Felicity, meanwhile, was back to her regular strong-willed and awesome self. Compare her "I believe in you speech" to Oliver this week to Laurel's from last week, and there's a very clear difference in either how we're supposed to view Felicity and Laurel's respective grasps on Oliver's psychological self, or the writers just have a much better understanding of Felicity's perspective than they have of Laurel's. Probably both. It was a very strong scene for Emily Bett Rickards, especially as she hit caring and tough love, and the decision to have her go for the hug was far superior than to have her go in for a kiss.
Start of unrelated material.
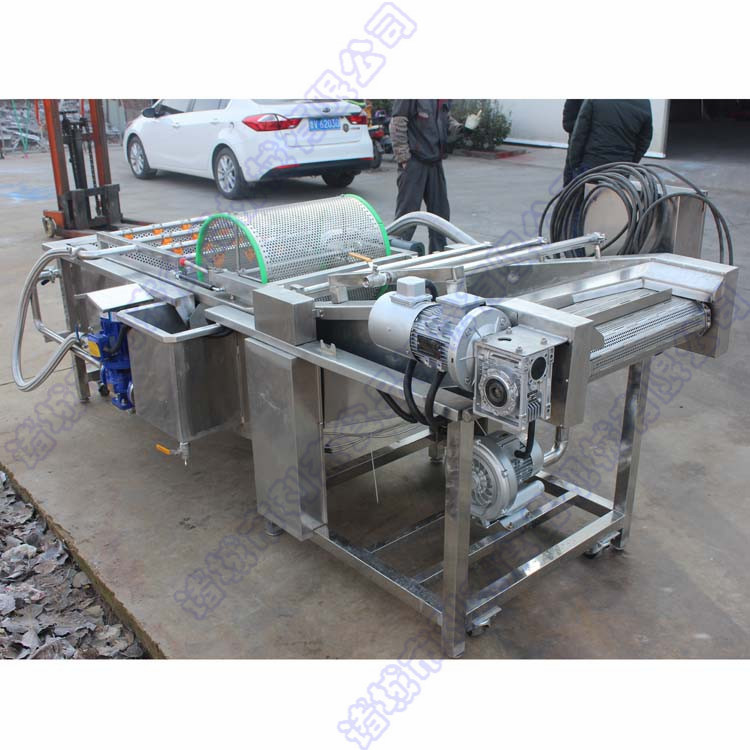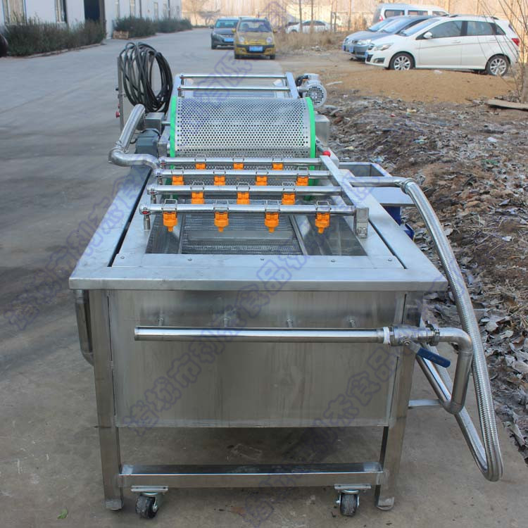 2,设备的输送带电机可以实现变速调节机能。清洗后的蔬菜通过网链输送,自动出入料,根据生产需调节输送带的输送速度;

Finally, there's Thea, who had to deal with Malcolm showing up to protect her at the train station. If there's one thing I wanted this episode to have more of, it was that sequence. Arrow quietly rehabilitated the character of Thea from a whiny, entitled, and self-centric teen into a confident and emotionally aware young woman; that way, her anger toward Roy, Moira, and Oliver wasn't motivated by a "Why is everyone so horrible to me?" attitude, but was instead spurred by a truthful "If you all were more open, we wouldn't be having these issues in the first place" point of view. So Thea shooting Malcolm—this horrible secret—wasn't shocking to me; rather, it was the obvious result of the wringer that the last few episodes have put her through. She's experienced so much that she's willing to take aim at the last apparent connection to her old life. Of course, that last connection is going to shrug off the bullets, so what happens next is going to be very interesting indeed.
FROM THE QUIVER
– Lian Yu flashbacks were mostly just "Get us to the point where Oliver decides not to cure Slade in the finale." Nothing else of note beyond the fact that David Nykl is dead set on making sure his scenes are, at least, fun.
– Not only did taking over Queen Consolidated deprive Oliver of his fortune, it gave Slade a great place from which to view the destruction of the city. I'm sure that was the main reason he took over the company. I mean, what good is burning a city to the ground if you don't get to watch and bask in the glow?
– "Why does every secret formula have to be a color? Whatever happened to good old-fashioned clear?"
– "You're out of arrows!" "You're not!" Stabbity-stab!
What did you think of "Streets of Fire"?